Skill Practice Warm Up: 4 sets of 8 hip extensions or glute ham raises (these can be done on the floor with a partner holding the feet if needed)

Strength: 6×2 Push Press – 3 of 14 (6 sets of 2 reps, same weight across, approximately 70-80% of max).
Super Set: 6×3 Dumbbell Split Squat (6 sets of 3 reps, “across,” scale to the same challenge

Metabolic Conditioning: ” Peter and the Wolf
7 minute AMRAP

100m sprint (= 1 “rep)
2 ‘heavy’ kettlebell swings –American- (70lbs, 53lbs, 35lbs)
100m sprint (= 1 “rep)
4 ‘heavy’ kettlebell swings, 100m sprint (= 1 “rep)
6 ‘heavy’ kettlebell swings, 100m sprint (= 1 “rep)
8 ‘heavy’ kettlebell swings, 100m sprint

Etc. (until the time runs out, keep doing one sprint, and adding two reps to the kb swings).

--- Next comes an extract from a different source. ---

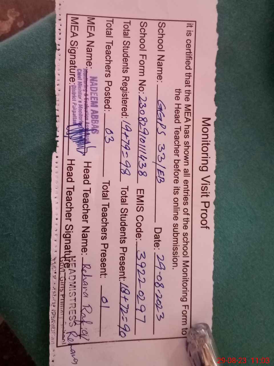 | EMIS Code: 39220297 | Name of School: GGPS 33 EB | |||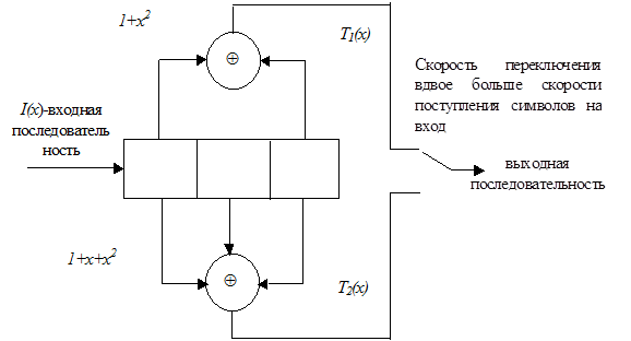 Таким образом, сверточный код, формируемый этим кодером, имеет следующие параметры:

Scaling Guide: 40-100 reps, (Finishing the 10s or more)

Compare to: April 22, 2016

Coaching Tips: Go with a heavier weight kettlebell than what you may actually use in a longer metcon. Try to do at least the first few rounds ‘RX’.  As the workout goes on and your form starts to degrade, don’t change kettlebell weight!  Just scale down to “Russian” height (stopping at eye level) for the later rounds. Sprint hard the first few rounds because the kettlebell swings are so short.  As the sets get larger, plan on slowing down the runs so that you get a bit more rest between each set of swings.  Maintain strict form on the swings with an upright torso (no tipping over!) and no ‘front raises’ with the shoulders.  If you want to ‘two hand kb snatch’ the bell overhead – go for it.  Just remember that the faster snatch style tends to pack an intensity wallop as well as blow your grip up.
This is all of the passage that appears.